4.1.2
De hydraulische slangen aansluiten
Waarschuwing:
• Controleer of het systeem niet onder druk staat.
• Controleer of de hydraulische slangen zowel op de pomp als op het gereedschap stevig zijn
aangesloten. Controleer of geen speling tussen de mannelijke koppelingen en de vrouwelijke
koppelingen aanwezig is. Als de hydraulische slangen losraken, stroomt geen hydraulische olie door
de slangen en werkt het gereedschap niet.
1.
Reinig de slangkoppelingen als ze vuil zijn met een
pluisvrije doek.
2. Draai de vrouwelijke koppelingen maximaal op de
mannelijke koppelingen vast.
3. Draai de slangkoppelingen met de hand vast. Gebruik
geen tang.
4.1.3
De hydraulische slangen afkoppelen
Waarschuwing:
Controleer of het systeem niet onder druk staat.
1.
Koppel de retourslang van de pompunit en het
gereedschap af.
2. Rol de hydraulische slangen op en sluit de
slangkoppelingen op elkaar aan om te voorkomen dat ze
vervuild raken.
Opmerking: Als u de retourslang nu nog niet
kunt afkoppelen, is restdruk in de slang
aanwezig. Druk op het drukontlastingsventiel (C)
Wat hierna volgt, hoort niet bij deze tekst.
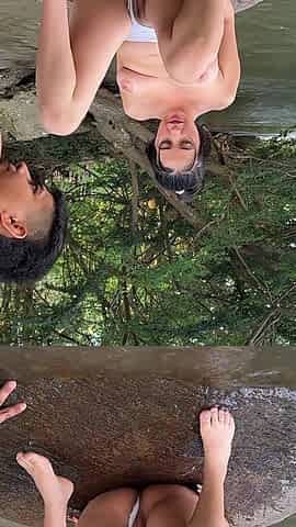 Latin Guy Watches Shy Sexy Girl Naked in the River and Ends up with a Rich Hard Fuck Outdoors.
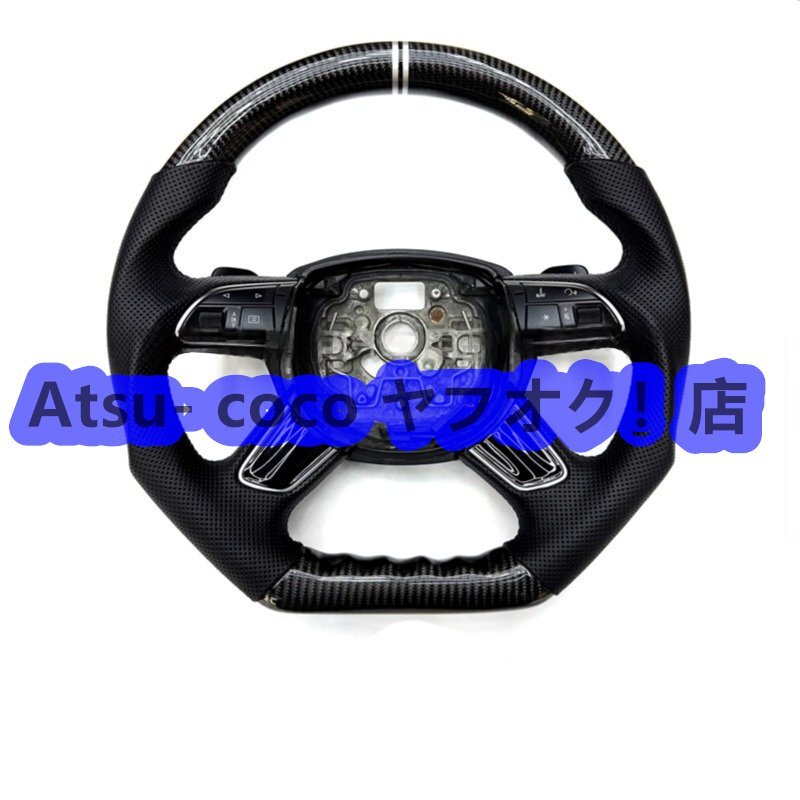 - AUDI アウディ A3A5A7A4A6 Q5Q7Q3S3S4R8S5RS6 リアルカーボン&パンチングレザーハンドル ステアリング 光沢カーボン A/B/C/D/E 可選1P
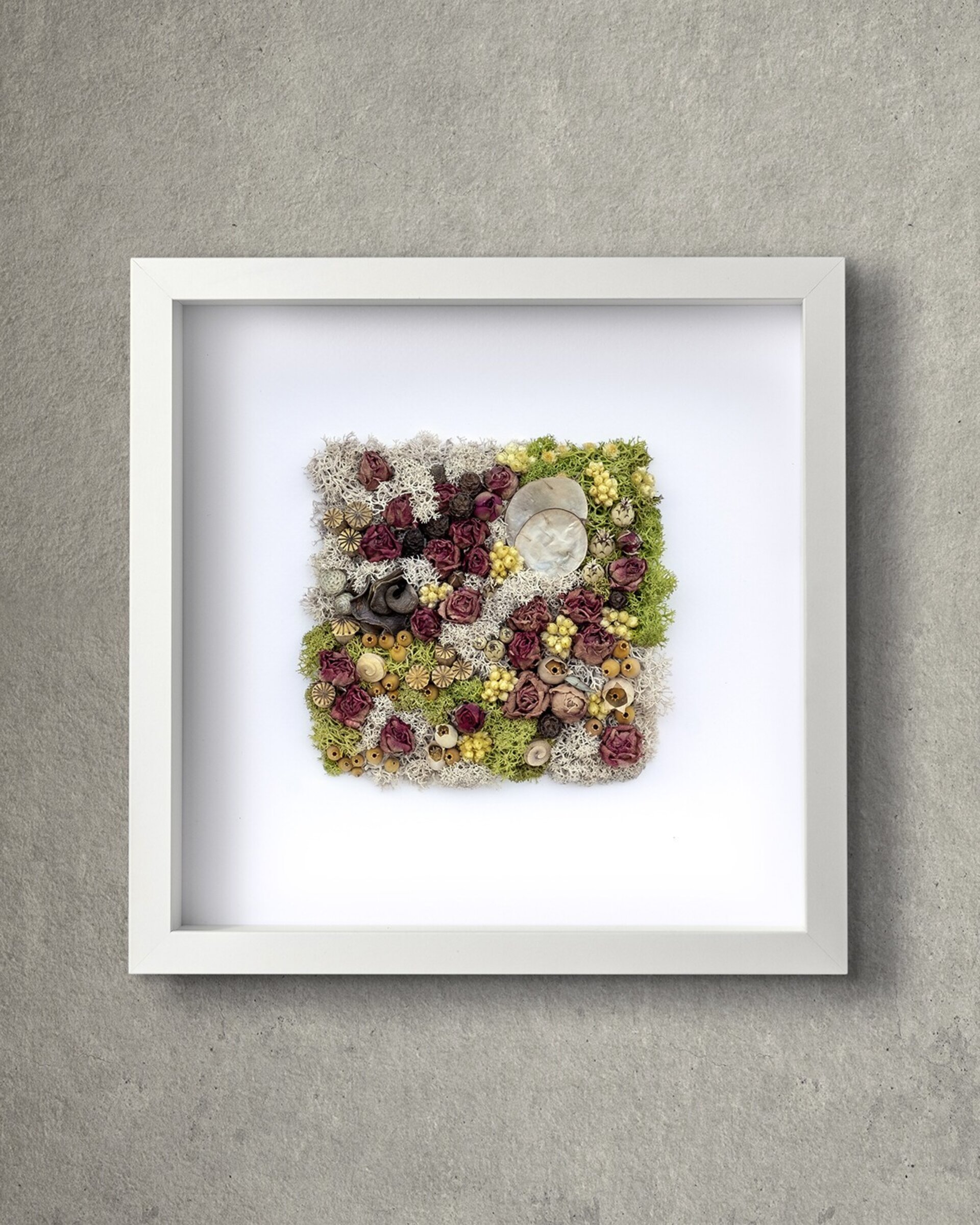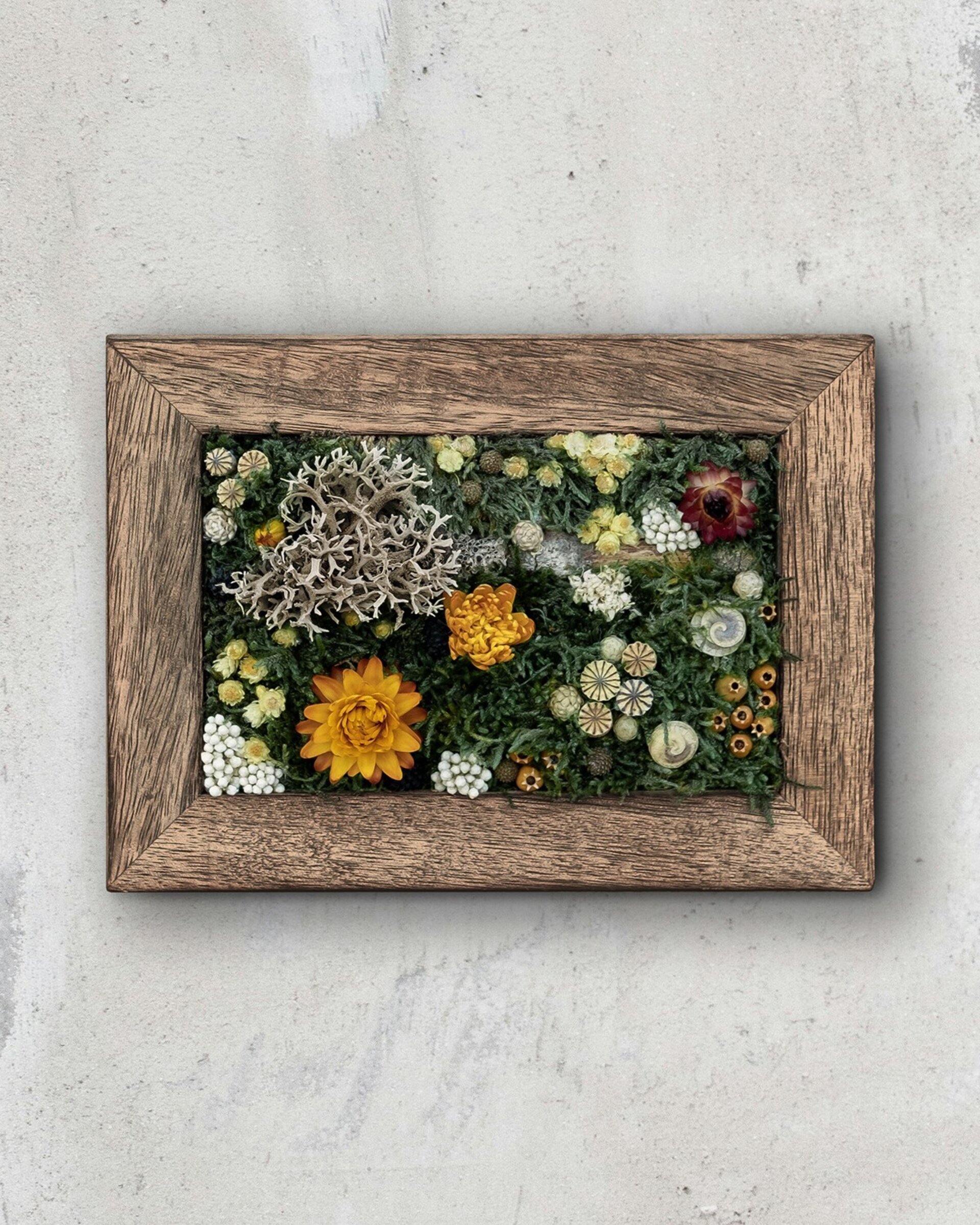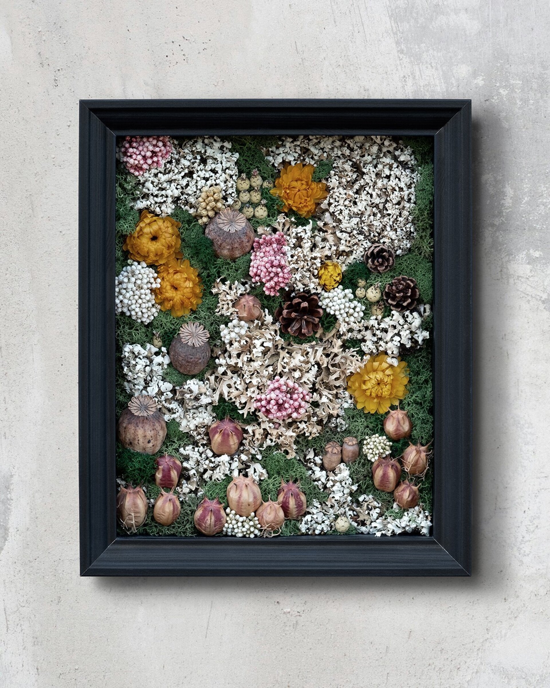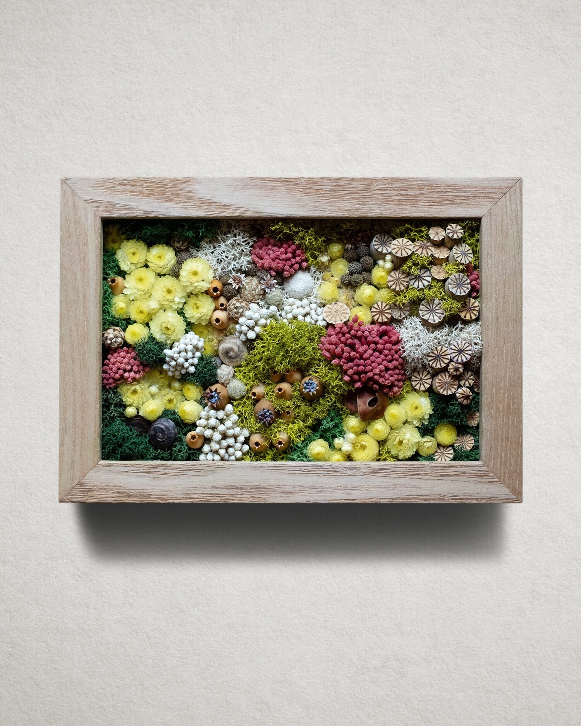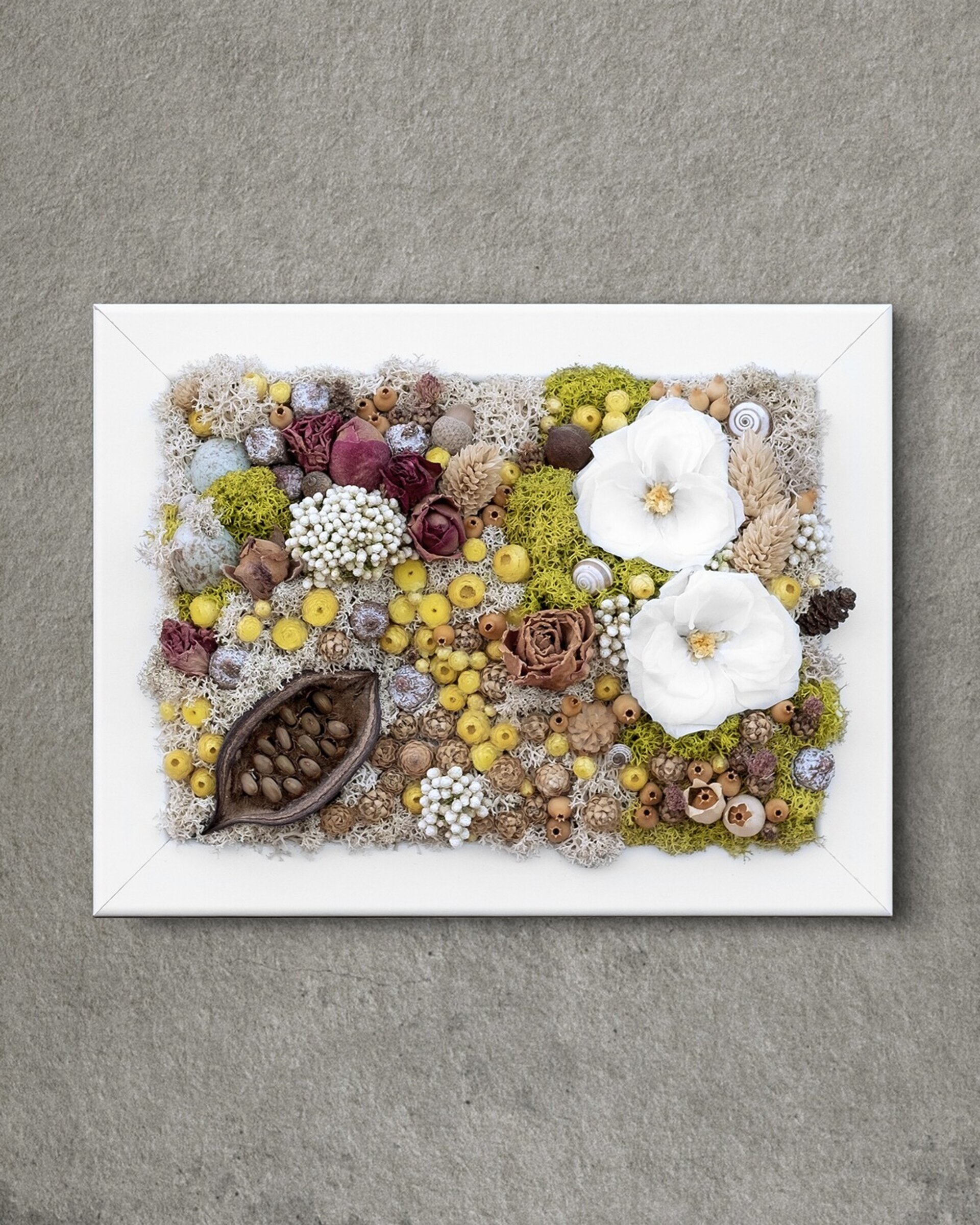 Arte botánico preservado elaborado con materiales naturales tratados para conservar su belleza durante años. Cada pieza es artesanal y exclusiva. Los cuadros planos no requieren cuidados más allá de retirar suavemente el polvo; los de mayor profundidad incluyen protección para mantener intacta la composición.
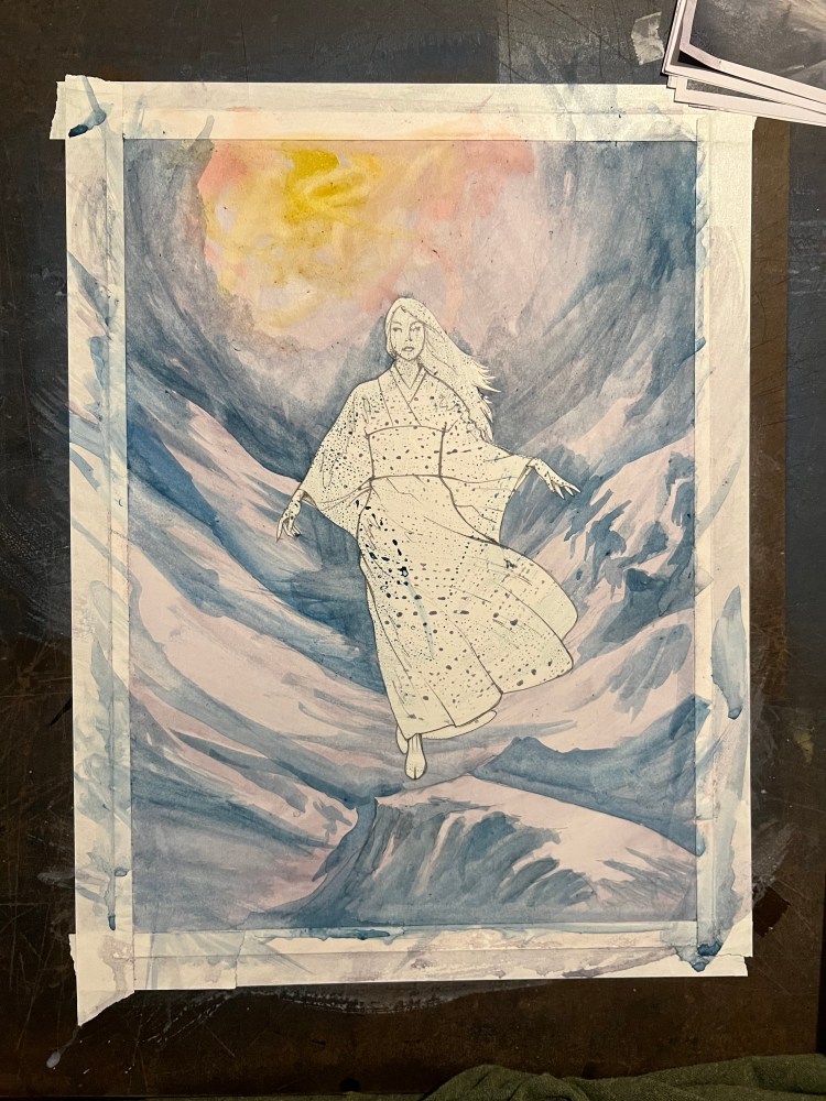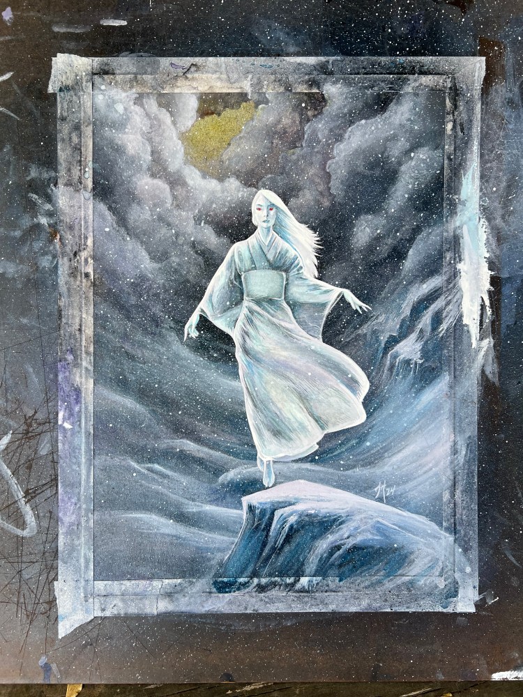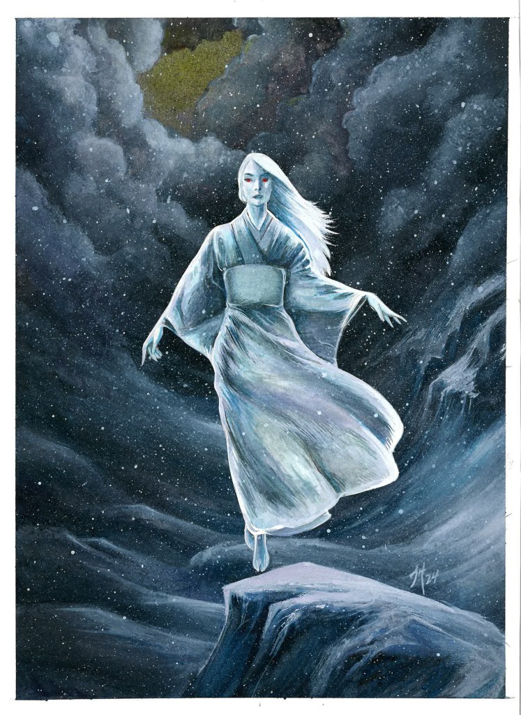 Yuki-onna, or “snow woman” is a spirit (or yokai) in Japanese folklore. Sometimes good, sometimes bad. You got Google if you want to look all that up. I had already read all the stories and just wanted something wintery. Plus I like the art of the kimono and enjoy drawing them.
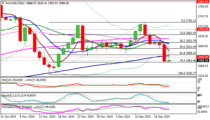 黄金价格从美联储周三降息后2.3%的冲击下,从一个月新低(2582美元)反弹,但涨势迄今为止是短暂的。 金价反弹在 2626 美元处遇阻,随后加速走低,再次将价格推低至重要(突破)支撑位 2605/0
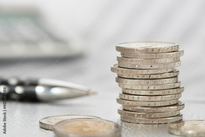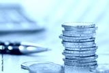 Stapel Euromünzen mit Rechner auf Börsenchart
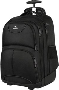 After doing some research, I bought the Matein Waterproof College Wheeled Travel Backpack. Here's a picture of it:
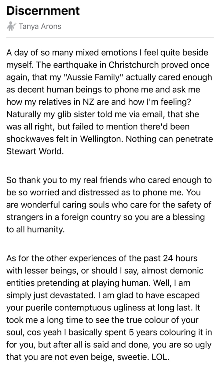 Now she moonlights on a page in support of a fellow Manchester woman who had unfairly had her children torn from her. Every time I see her active on there: I feel sick. Her vicious slander led to my marriage breakdown (my marriage was already Toxic beyond belief) but that cascade of cumulative trauma put the final death knell on it.
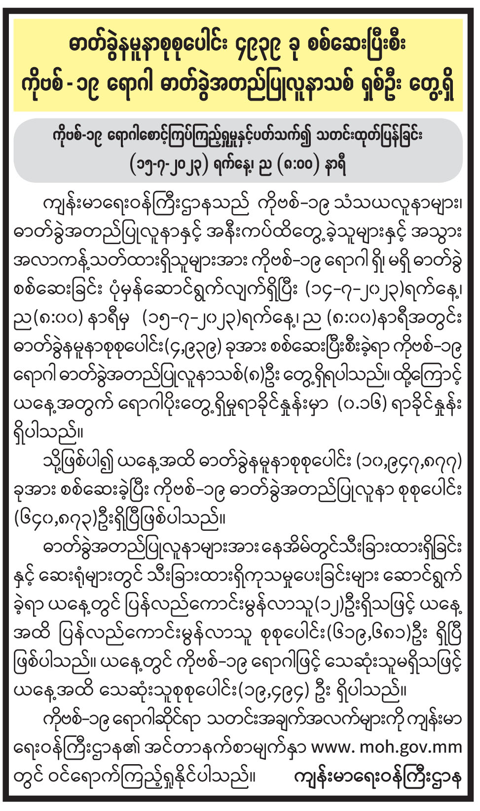 ဓာတ်ခွဲနမူနာစုစုပေါင်း ၄၉၃၉ ခု စစ်ဆေးပြီးစီး ကိုဗစ်-၁၉ ရောဂါ ဓာတ်ခွဲအတည်ပြုလူနာသစ် ရှစ်ဦး တွေ့ရှိ
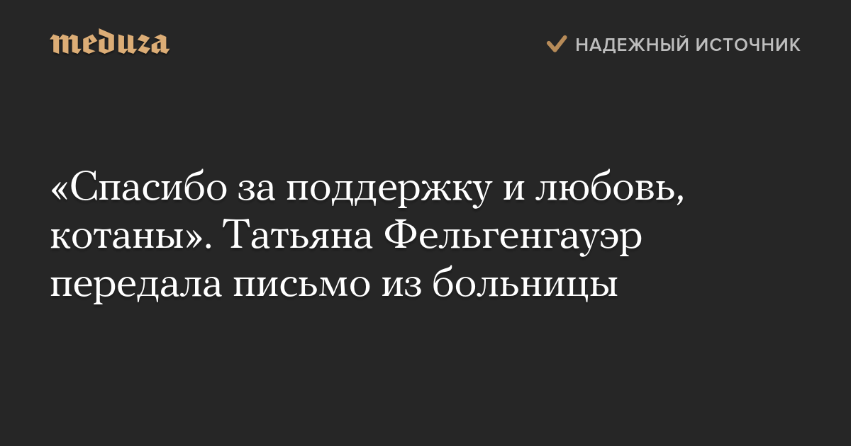 «Спасибо за поддержку и любовь, котаны». Татьяна Фельгенгауэр передала письмо из больницы

op de pompunit om de druk van de slang te
halen. Is uw pomp niet voorzien van een
drukontlastingsventiel (C) dan kunt u het volgende doen om de
slangen drukloos te maken:
-
Elektrische pompunit (1): Druk als u de
retourslang niet kunt afkoppelen op de stopknop
(B) en houd deze ingedrukt terwijl u op de
startknop (A) op de afstandsbediening drukt.
-
Pneumatische pompunit (2): Zet als u de
retourslang niet kunt afkoppelen de aan/uitschakelaar (A) op uit en druk op de startknop (B) op de
afstandsbediening om de druk van de slang te halen.